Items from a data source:
┄┄┄┄┄┄┄┄┄┄┄┄┄┄┄┄┄┄┄┄

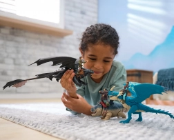 A figurák strapabíró műanyagból készültek, a lovas könnyen a sárkány hátára rögzíthető, így a gyerekek ikonikus jeleneteket játszhatnak el vagy saját kalandokat alkothatnak Berk világában. A szett remekül bővíti a Dragons gyűjteményt, és kombinálható más figurákkal és sárkányokkal.
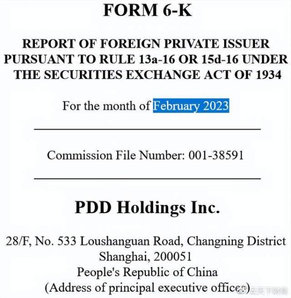 拼多多最后一次显示“主要行政办公地址”在中国上海,还要追溯至今年2月9日在其向美国SEC提交的6-K文件中。
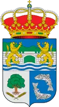 Escudo partido. 1º de oro, un árbol de sinople. 2º de sinople, un león de oro. Mantelado en punta con ondas de plata y azur. Bordura general de azur, cargada de siete aspas de oro. Al timbre corona real cerrada.[43] |
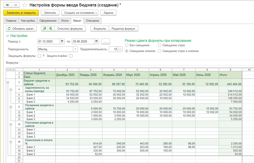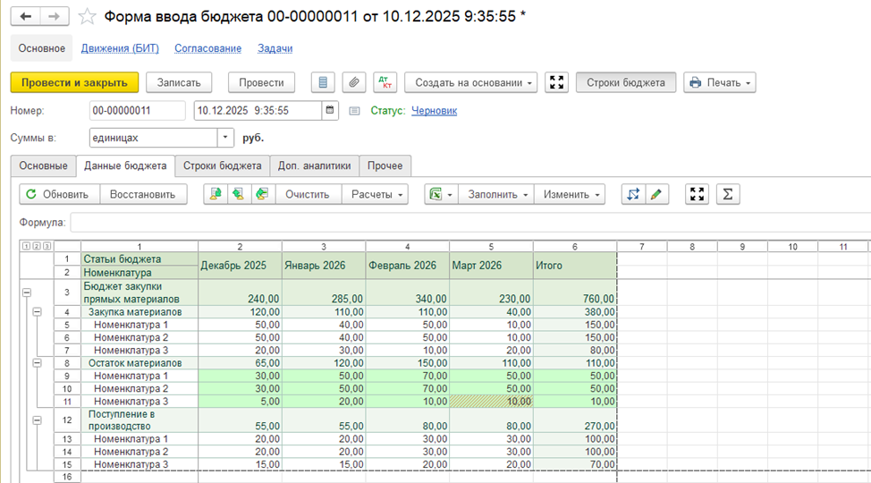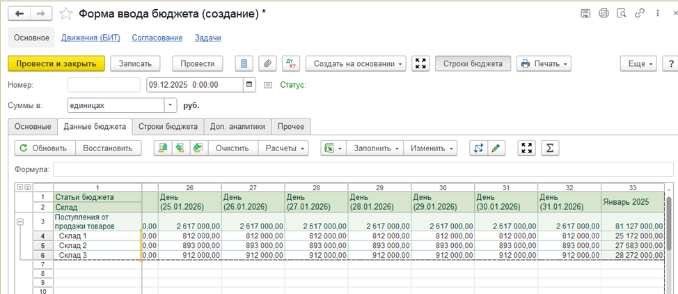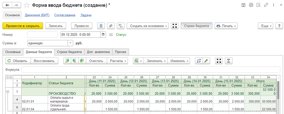 Бюджеты формируются непосредственно в системе: пользователь открывает бюджетный документ и вручную вводит плановые показатели. Такой способ удобен для оперативного планирования, корректировок и сценарных расчетов, когда важно быстро зафиксировать управленческие решения без промежуточных файлов и внешних инструментов.
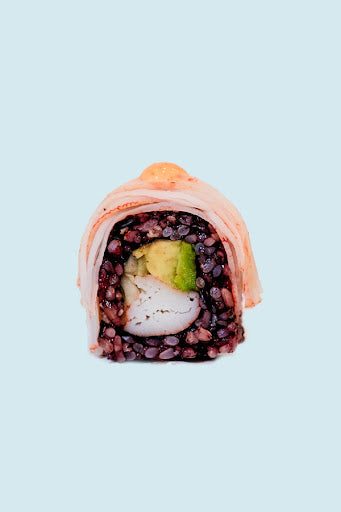 Natural Black Rice, Scottish Salmon, Avocado and Spicy Crab on Top with Eel Sauce
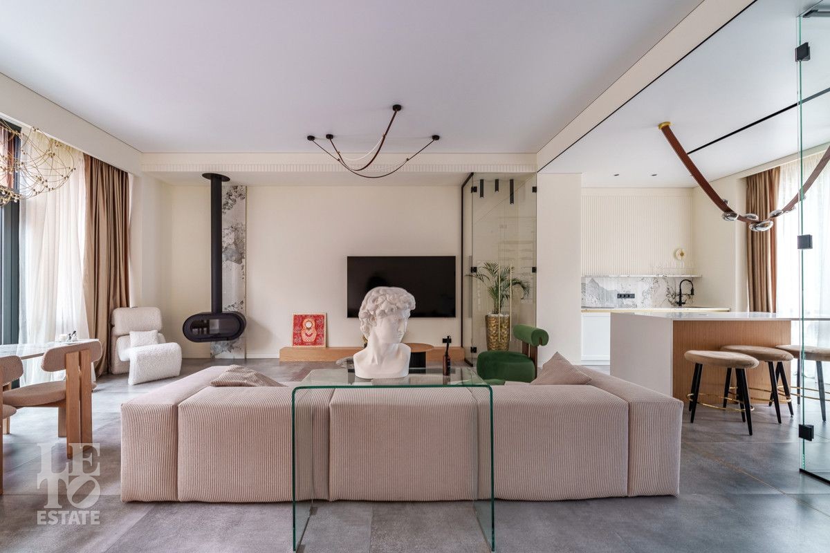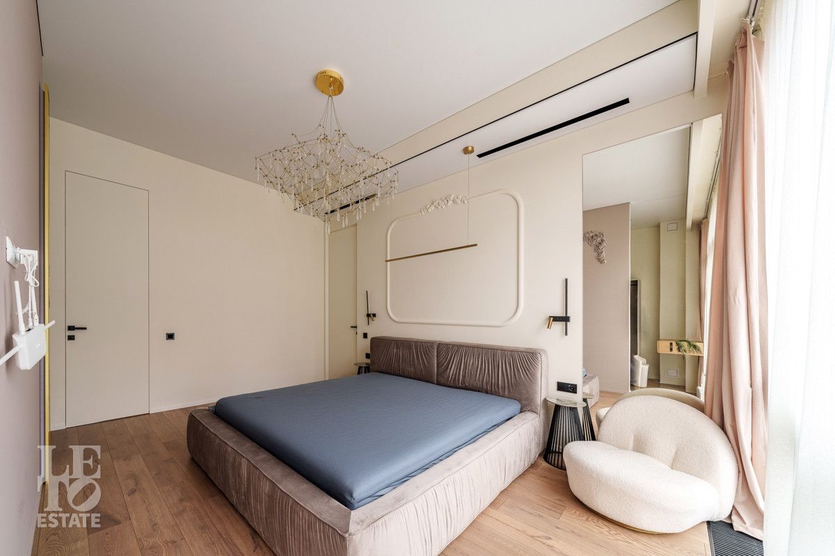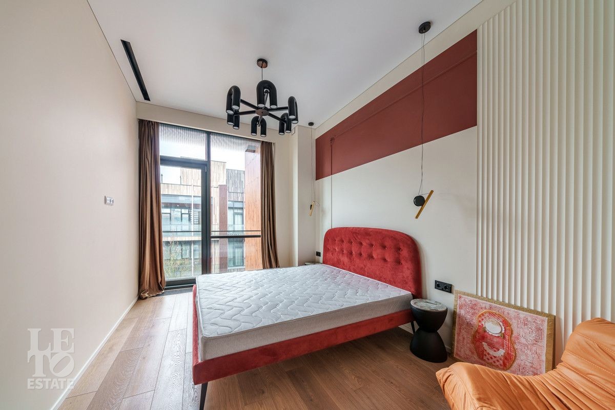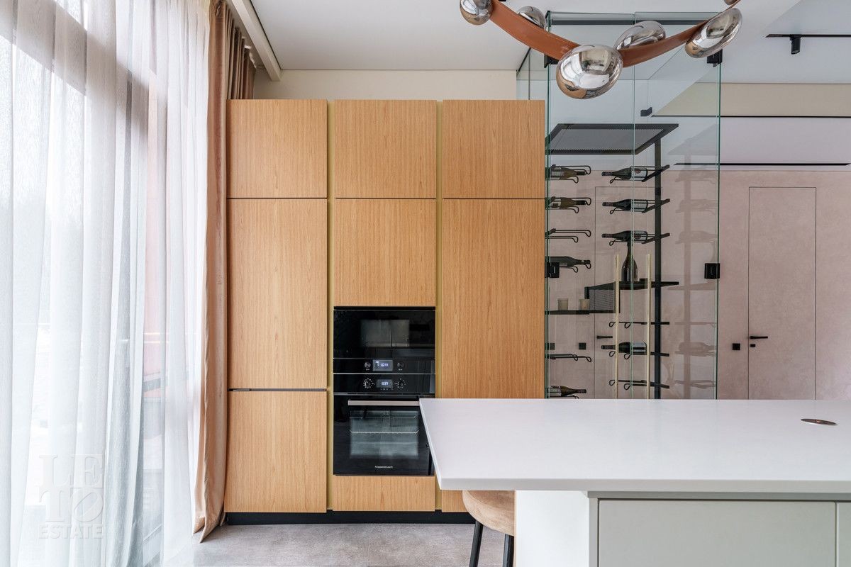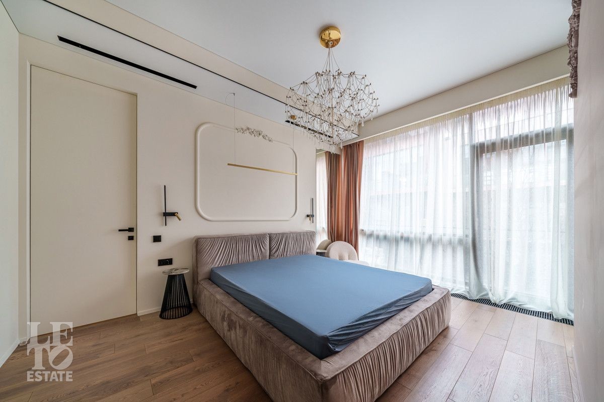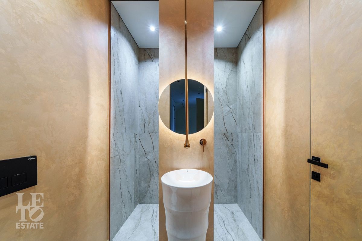 Внутренняя отделка выполнена из дорогостоящих материалов, полы - паркет и итальянский керамогранит, лестница сделана из натурального дерева - ясень. Установлена техника Kuppersbusch, Maunfeld и канальное кондиционирование, а также электрокарнизы. Разведен теплый пол.
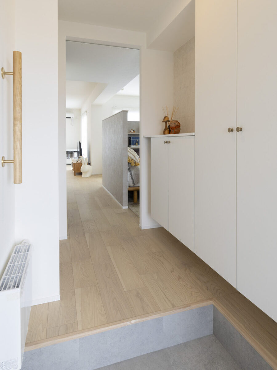 玄関にはパネルヒーターを設け、冬でも寒さを感じにくい快適な空間にしました。
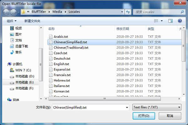 3.选择“中文(简体)”。txt "并点击打开按钮切换到简体中文界面。
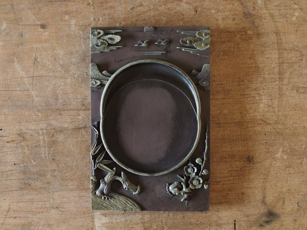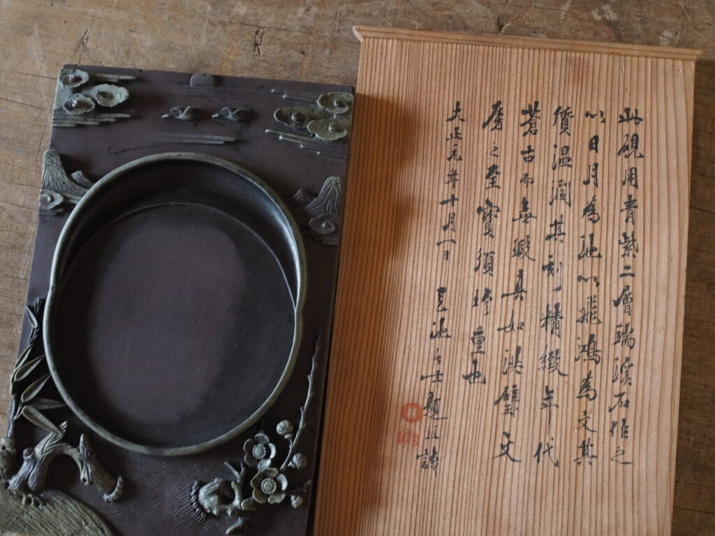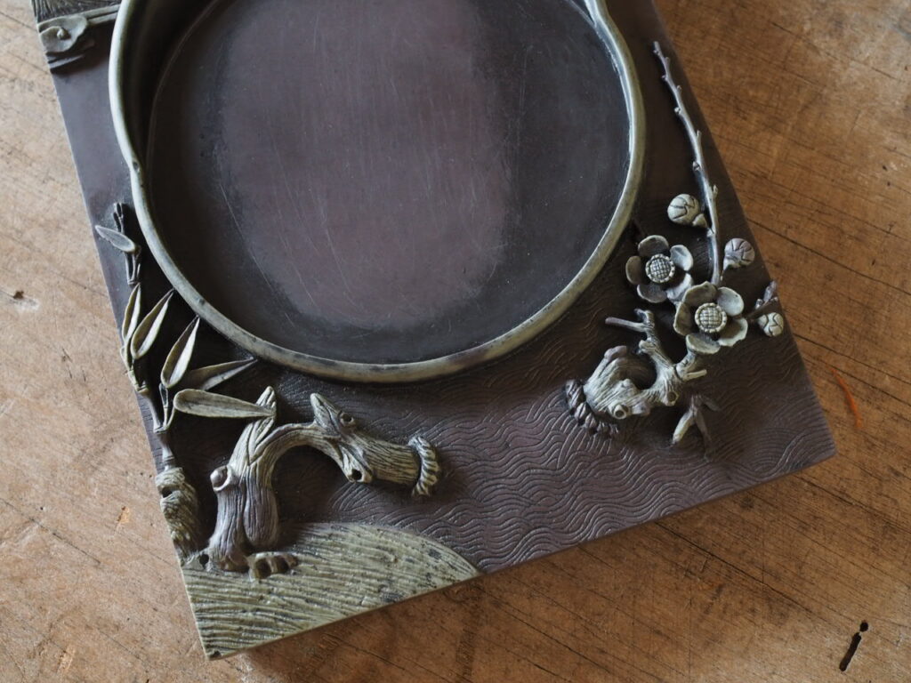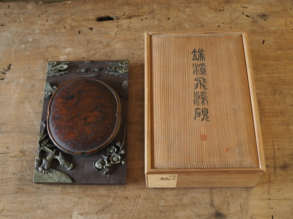 朝鮮半島北部で産出される暗紫色と淡緑色の二層になった渭原石の硯で、「渭原端渓」とも
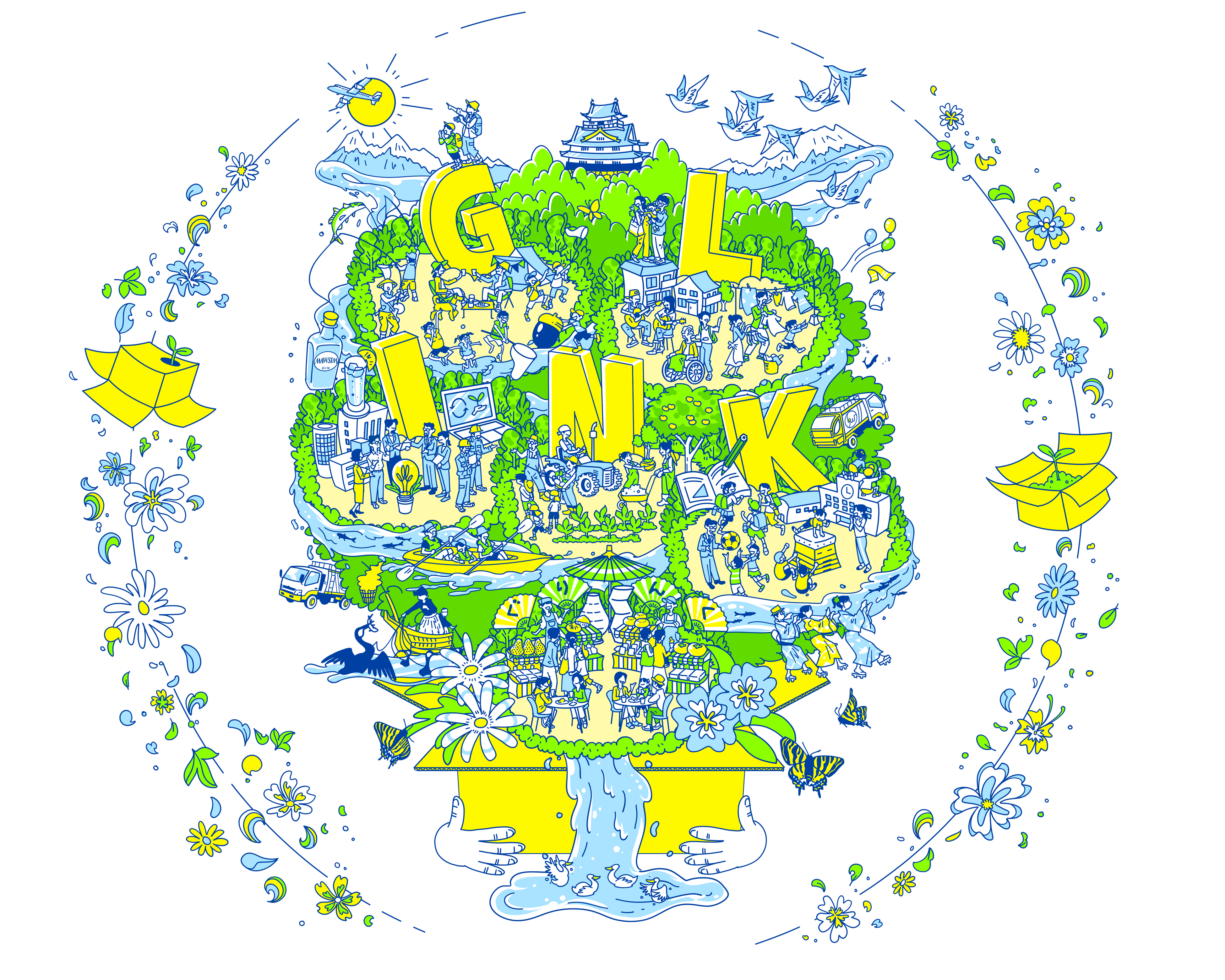 「ぐりんく|GLink」は、環境(Green)を通じて、岐阜(Gifu)を、元気(Genki)にするために、地元がつながる(Link)という想いが込められています。

┄┄┄┄┄┄┄┄┄┄┄┄┄┄┄┄┄┄┄┄

### WHAT IS REQUIRED
Find the line that contains "玄関にはパネルヒーターを設け、冬でも寒さを感じにくい快適な空間にしました。", then write out that line and every line after it through the end of the records, exactly. Leave the pictures out.

### ANSWER TO THIS TASK
 玄関にはパネルヒーターを設け、冬でも寒さを感じにくい快適な空間にしました。
 3.选择“中文(简体)”。txt "并点击打开按钮切换到简体中文界面。
 朝鮮半島北部で産出される暗紫色と淡緑色の二層になった渭原石の硯で、「渭原端渓」とも
 「ぐりんく|GLink」は、環境(Green)を通じて、岐阜(Gifu)を、元気(Genki)にするために、地元がつながる(Link)という想いが込められています。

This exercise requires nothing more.